What are some of the other challenges that AA faces?
I think there are two, really. One is to come to some meaningful terms with the individuals who are frightened that AA is a religion. This will involve some work and growth in AA to incorporate its diversity without losing its traditions. This is in keeping with the question of keeping the first 164 pages that Bill W. wrote in the Big Book and at the same time including contemporary stories about things some groups might be horrified by.
The second challenge (and this may be more important to me as a class A trustee) is to convey to the world what an extraordinary organization Alcoholics Anonymous is--not only in its ability to cure alcoholism but in its ability to conceptualize the fact that we're all one planet.
Just as an example, groups that are supposed to know about human beings and to be peaceful--the Christian church, the psychoanalytic movement, and the peace movement--are constantly splintering and fighting with each other. And somehow for sixty years, AA has kept two million very diverse individuals, who in their past lives were often a lot less peaceful than the Christians, the psychoanalysts, and the advocates of peace, working together for a common good.
I'm not sure that's a challenge to the Fellowship, or necessary to keep people sober. It's simply to me a challenge that people appreciate the depth of this message, which is expressed more in the Twelve Traditions and Twelve Concepts that in the Twelve Steps.
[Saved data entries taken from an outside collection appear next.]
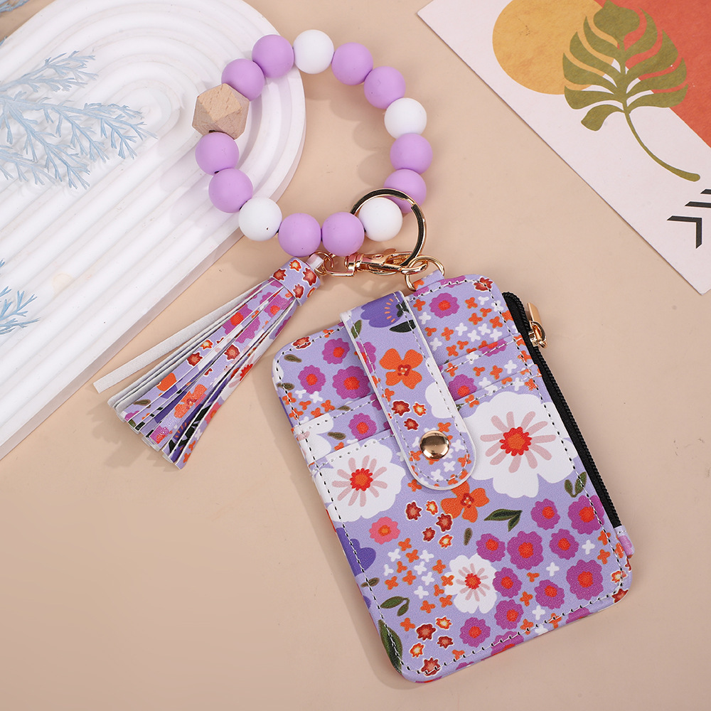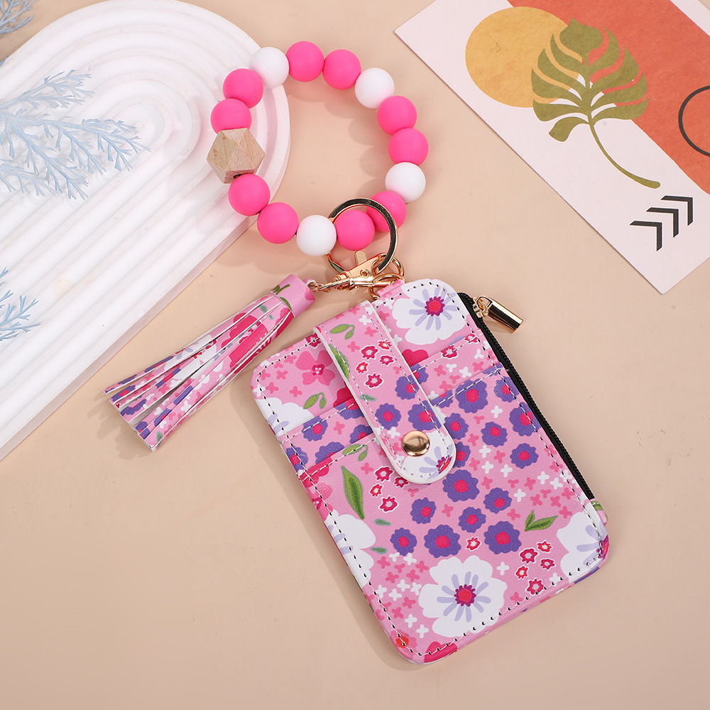 국경 간 인기 판매 패션 실리콘 팔찌 카드 홀더 유럽과 미국의 꽃 가죽 지퍼 동전 지갑 인쇄 가죽 키 체인스토어 가기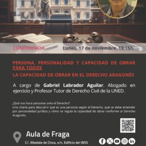 El Aula de la UNED en Fraga organizará el próximo 17 de noviembre de 2025, a las 19:15 horas, la conferencia titulada “Persona, personalidad y capacidad de obrar para todos. La capacidad de obrar en el Derecho Aragonés”, una sesión divulgativa dirigida al público general, sin necesidad de conocimientos jurídicos previos.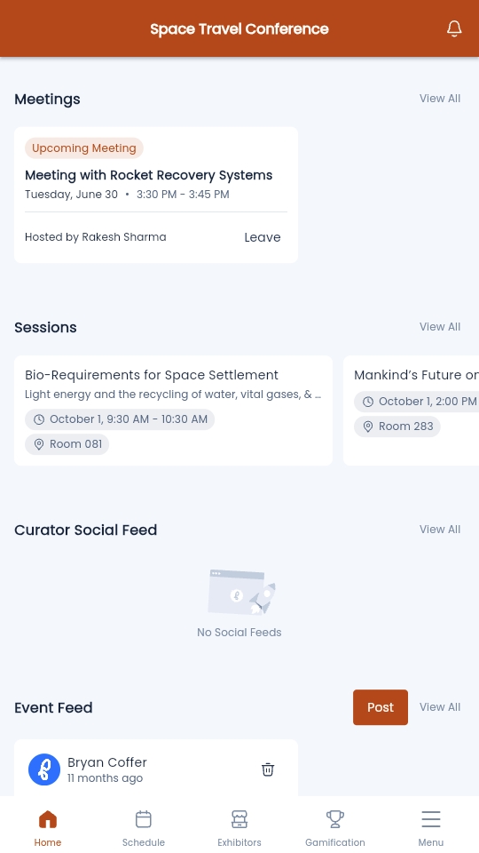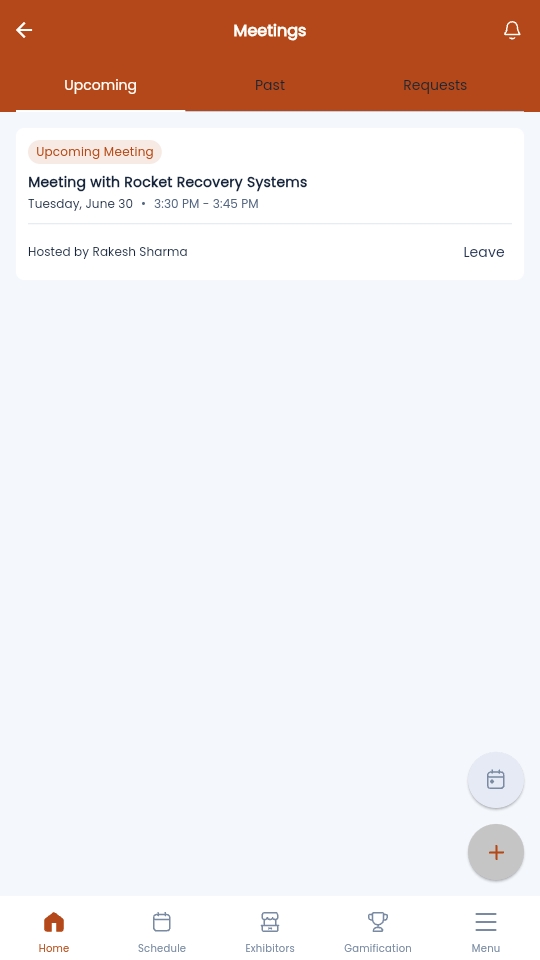 If enabled by the Event Administrator, meeting requests and scheduled meetings will appear on the event home page. Please note that this feature will not be available if it has not been configured.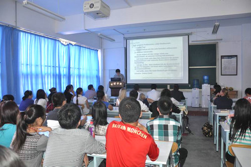 9月27日、28日下午,双方研究生进行了两场以英文为交流语言学术交流活动。研究生们精心准备了英文演讲稿和PPT,以“中国廉租房融资困难及其模式多元化研究”、“基于BP 神经网络的城市应急管理系统实施绩效评价研究”、“在德国经营的企业所遇到的困难与机遇”、“分析中国与德国的经济政策指导方针”等为题,对两国经济、管理、工程、文化等多个领域的问题进行了深入的交流和探讨。交流过程中,同学们观点明确、思路清晰、思维创新,独到的见解、精彩纷呈的发言博得了老师和同学们的阵阵掌声,双方学生均受益匪浅。期间,Grabau教授一行在管理学院领导的陪同下参观了365完美嘉陵江路新校区、前湾港、青岛啤酒厂等地,并在国际交流处的安排下访问了365完美体育附属小学。访问期间,双方在办学模式、人才培养、风俗文化等方面进行了深入的探讨和交流,并就教师交流、研究生、本科生培养等相关领域的进一步交流合作达成了合作备忘录。Grabau院长邀请赵金先院长有机会带领学生到德国去参加相关实践活动和学术交流活动,促进双方合作的发展。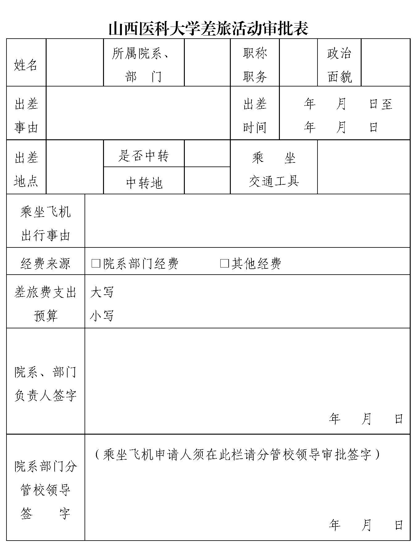 請從學校OA辦公系統“新建流程-財務管理-差旅費審批”中填寫該表,特殊情況可下載附件使用。

When you spoke of religious skeptics or of those fearful that AA might have a religious agenda, were you thinking of professionals in the field of alcoholism, or alcoholics themselves?
Oh, both. Alcoholics, because of the shame, are enormously sensitive to exclusion. So to say, "If you want what we have, you have to believe in a higher power; you have to be spiritual, or you have to fake it till you make it" is enormously threatening to some people. They're still at a point of self-absorption; the idea of depending on a power greater than themselves is something they're going to have to learn. Think of it this way: there are a lot of things parents believe, like the value of working hard and completing an education, that make no sense to an eighteen-year-old. And for some alcoholics, spirituality is like one of those things that you learn when you get older. AA has to constantly remind itself that it needs to meet people where they are and that it can only make loving suggestions.
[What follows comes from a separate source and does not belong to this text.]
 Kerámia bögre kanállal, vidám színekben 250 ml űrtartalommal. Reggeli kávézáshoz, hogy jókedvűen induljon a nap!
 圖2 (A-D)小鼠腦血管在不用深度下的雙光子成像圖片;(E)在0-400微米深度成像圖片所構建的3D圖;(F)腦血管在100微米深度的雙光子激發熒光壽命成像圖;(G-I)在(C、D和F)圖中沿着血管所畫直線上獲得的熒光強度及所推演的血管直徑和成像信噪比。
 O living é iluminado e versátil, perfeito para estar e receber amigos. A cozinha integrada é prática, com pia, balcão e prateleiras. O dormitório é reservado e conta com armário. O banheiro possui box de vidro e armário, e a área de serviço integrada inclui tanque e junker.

Bill W. spells out very clearly that Alcoholics Anonymous is not a religion. And he makes it clear that there should be nothing about AA that excludes anyone who's a suffering alcoholic. But how you get people who've grown up in one tradition to understand how the world looks to people who've grown up in another takes ongoing discussion. Universality is very hard to achieve. And AA, in its effort of world unity, is constantly having to evolve. It's not a question of changing. It's a process of growth.